§ Exercise aim:
Using the records below, return exactly the lines from the one containing "CCCM Cluster: Activated" through the last, and omit pictures.

(Items from a data source)
---+---

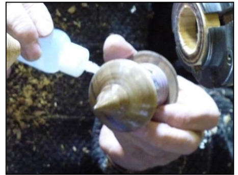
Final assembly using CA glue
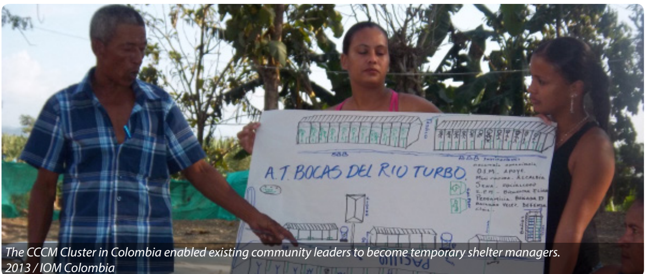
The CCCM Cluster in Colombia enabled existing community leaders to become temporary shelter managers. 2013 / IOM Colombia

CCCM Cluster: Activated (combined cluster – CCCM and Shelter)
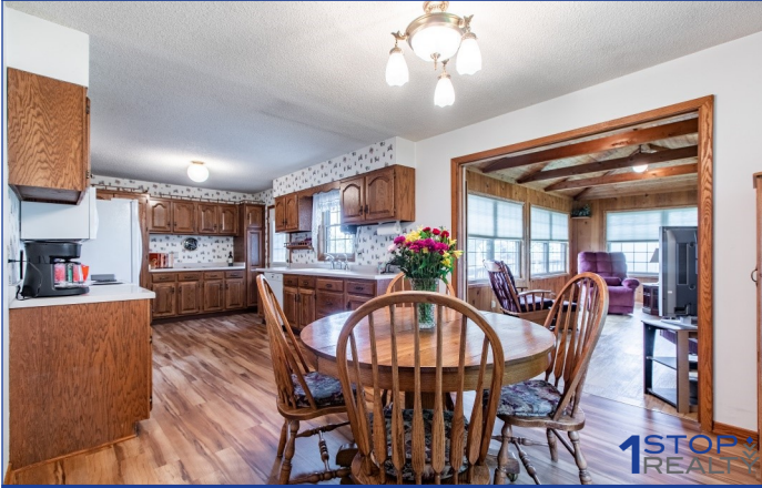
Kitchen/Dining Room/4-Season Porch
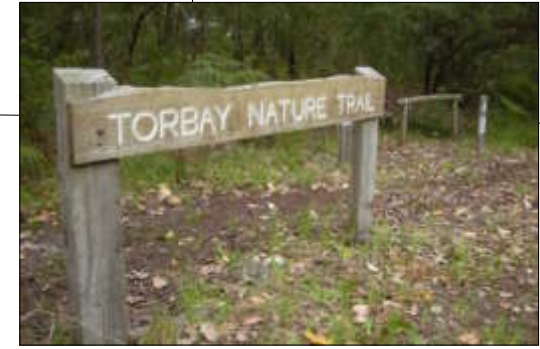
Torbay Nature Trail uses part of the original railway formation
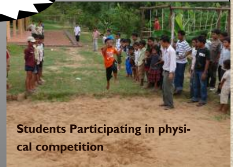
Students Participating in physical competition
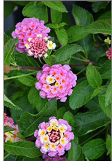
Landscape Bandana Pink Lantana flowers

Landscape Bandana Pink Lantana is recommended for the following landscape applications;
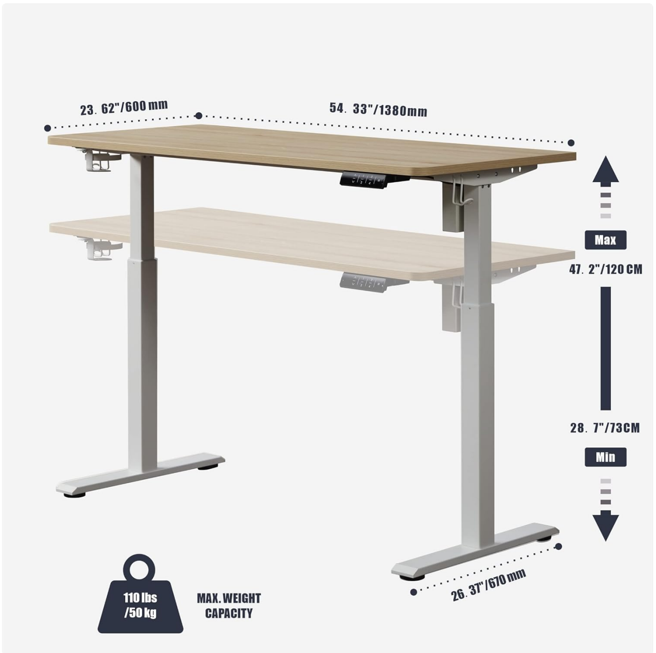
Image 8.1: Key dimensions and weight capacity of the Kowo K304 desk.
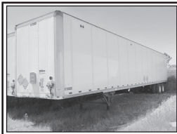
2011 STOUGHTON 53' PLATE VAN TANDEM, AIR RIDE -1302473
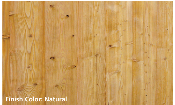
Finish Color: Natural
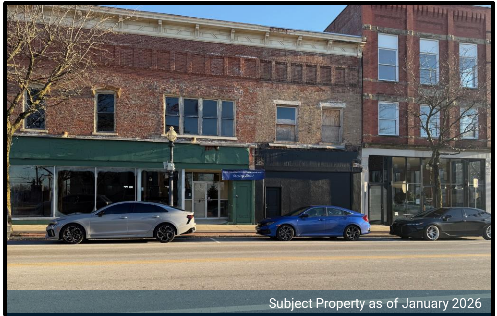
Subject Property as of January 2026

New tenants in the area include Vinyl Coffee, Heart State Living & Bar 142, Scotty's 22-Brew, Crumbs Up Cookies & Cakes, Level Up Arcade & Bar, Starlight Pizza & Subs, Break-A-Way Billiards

---+---

§ Reply to the task:
CCCM Cluster: Activated (combined cluster – CCCM and Shelter)
Kitchen/Dining Room/4-Season Porch
Torbay Nature Trail uses part of the original railway formation
Students Participating in physical competition
Landscape Bandana Pink Lantana flowers

Landscape Bandana Pink Lantana is recommended for the following landscape applications;
Image 8.1: Key dimensions and weight capacity of the Kowo K304 desk.
2011 STOUGHTON 53' PLATE VAN TANDEM, AIR RIDE -1302473
Finish Color: Natural
Subject Property as of January 2026

New tenants in the area include Vinyl Coffee, Heart State Living & Bar 142, Scotty's 22-Brew, Crumbs Up Cookies & Cakes, Level Up Arcade & Bar, Starlight Pizza & Subs, Break-A-Way Billiards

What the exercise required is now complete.